Mostly the two drives will be already the same with maybe about 10GB of extra files added.

So I try to use rsync to synchronise the two drives like this:

rsync --dry-run -rvlt --modify-window=1 /media/Antonio1TB/Backup /media/FREECOM\ HDD/Backup

The problem is the dry run indicates that every file on the drive will be copied. Not just the files I have recently added.

What is the correct command to synch two NTFS drives under Ubuntu so that files that already exist don't get copied again? Thanks.

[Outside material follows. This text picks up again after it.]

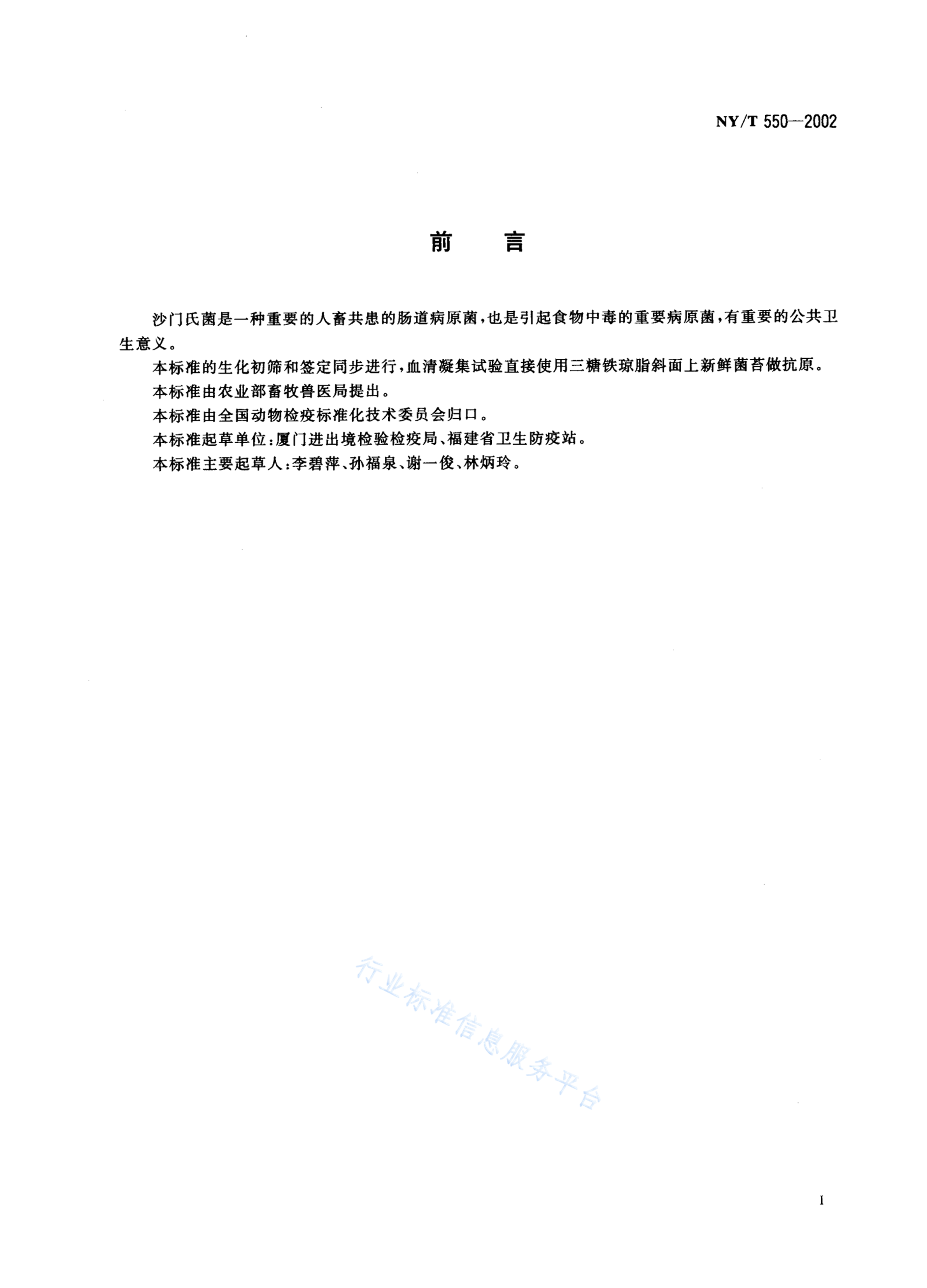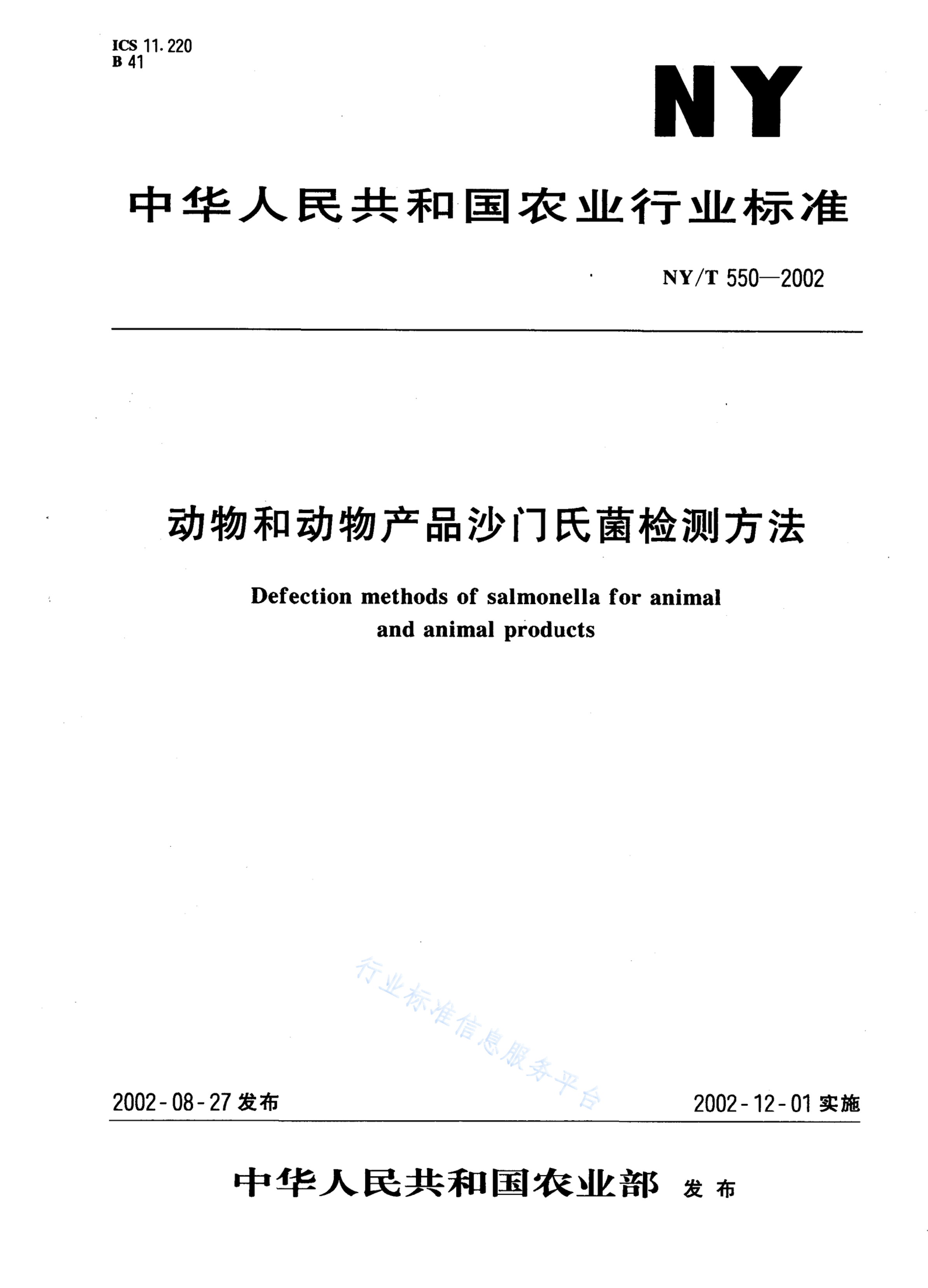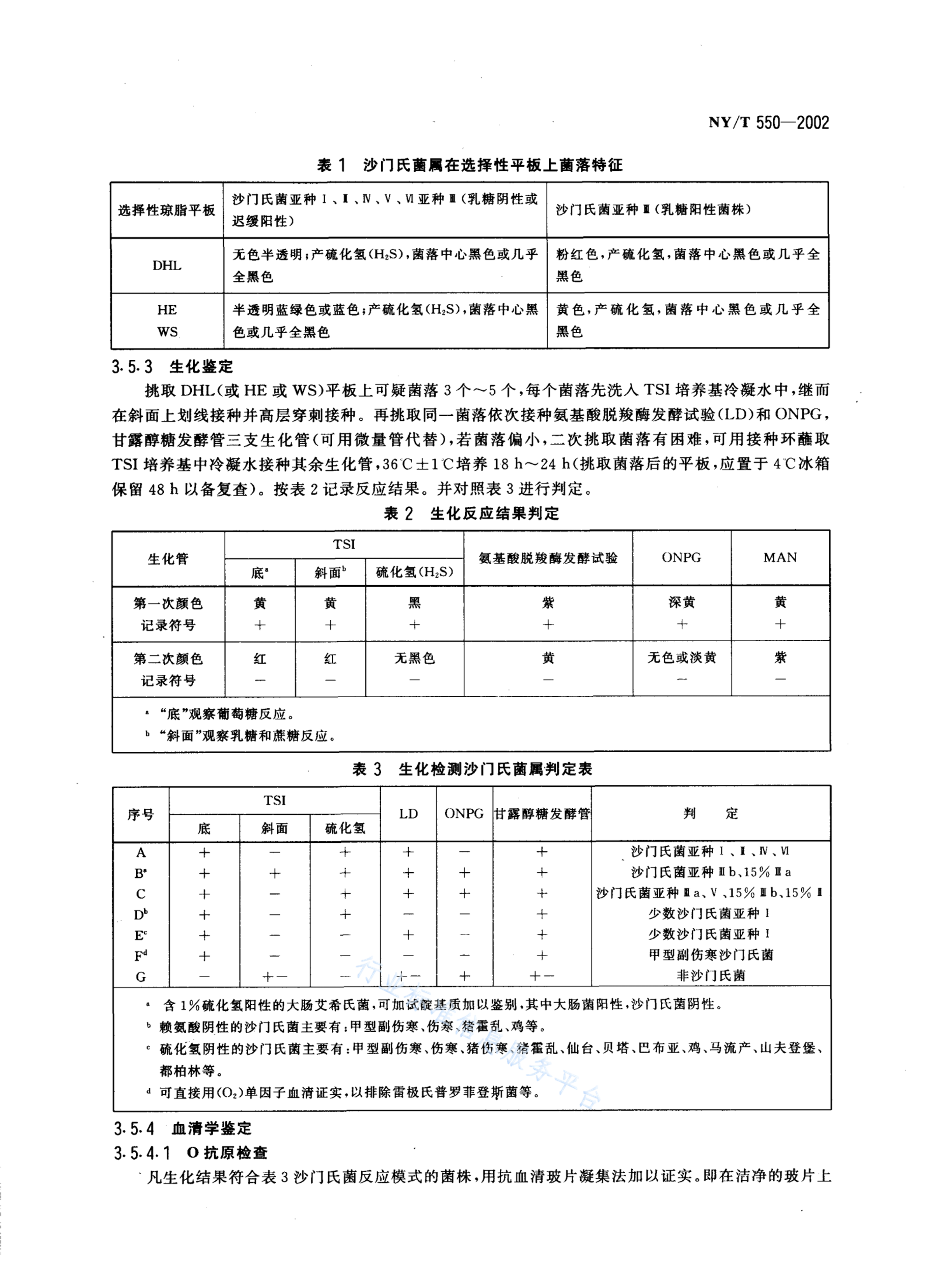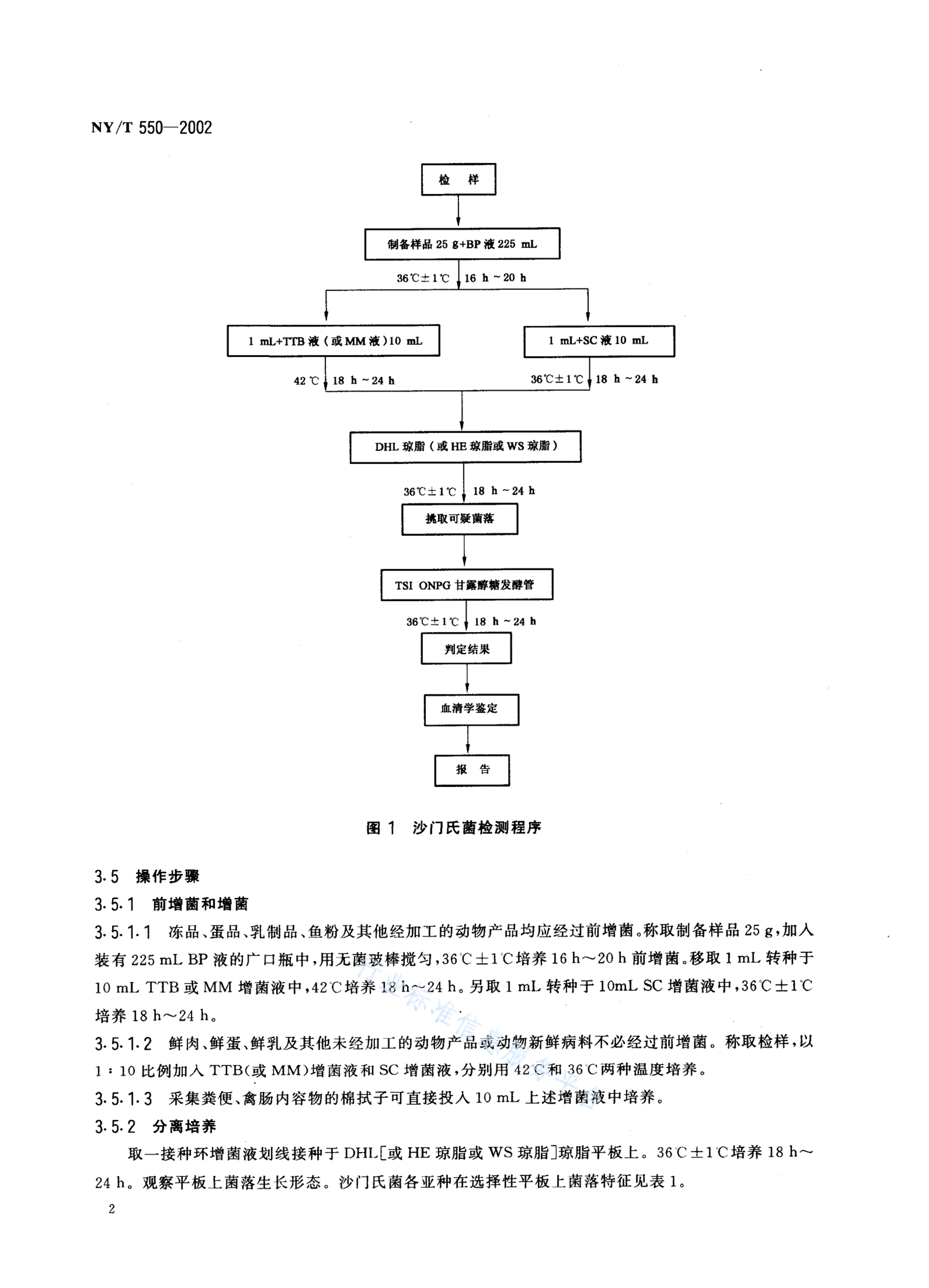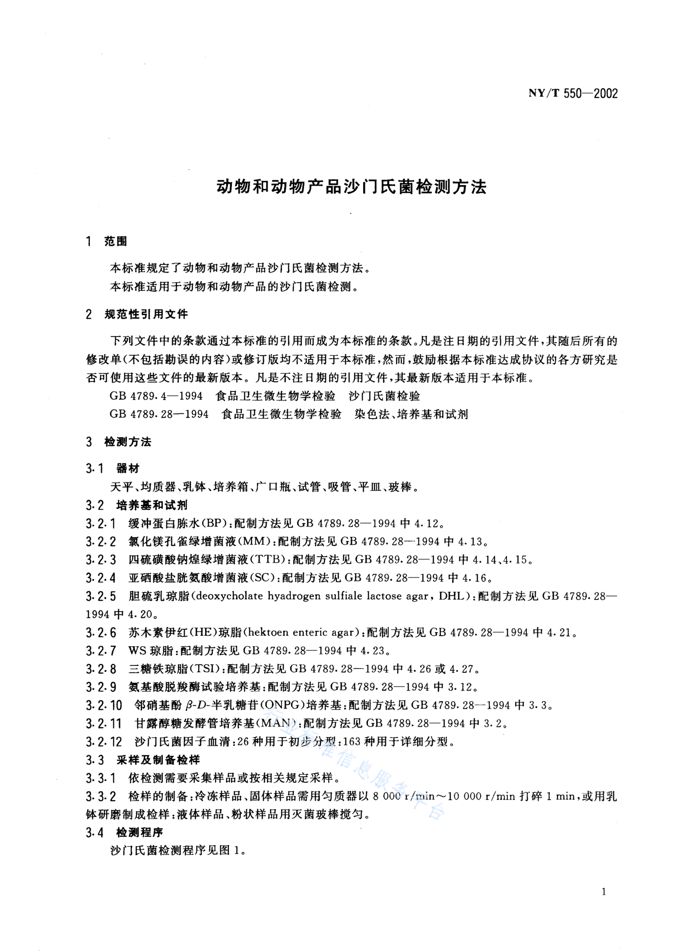 NY/T 550-2002 动物和动物产品沙门氏菌检测方法

After additional research I think I partially figured out the problem. What the command above will do is copy the directory Backup on the source into Backup in the destination. But what I really wanted to do was copy the files and directories in Backup to the destination directory. In other words I needed a forward slash at the end

rsync --dry-run -rvOlt --modify-window=1 /media/Antonio1TB/Backup/ /media/"FREECOM HDD"/Backup

I also added the -O option. Without this rsync seems to want to copy directories even if no files in them have changed. I'm kind of puzzled by this option and exactly what it is doing in this situation and why it is needed.

  • 1
    Using -O, --omit-dir-times the modification time of directories won't be copied to the destination, even if it was updated on the original directory. Glad you solved your problem, you should accept your own answer to the question. – GnP Jul 12 '13 at 21:20

If modification times and such are not important (permissions can not be preserved on ntfs), I use the --size-only option which will compare sizes alone and ignore files that differ only by modification time.


rsync --size-only -r /mnt/original /mnt/ntfs/backup/ # -in for "pretend mode"

Comparing sizes of the files alone might lead to problems. If a newer, modified file got the same size as the previous, older version, but despite this differ in content, then it will not be synced, though it should be.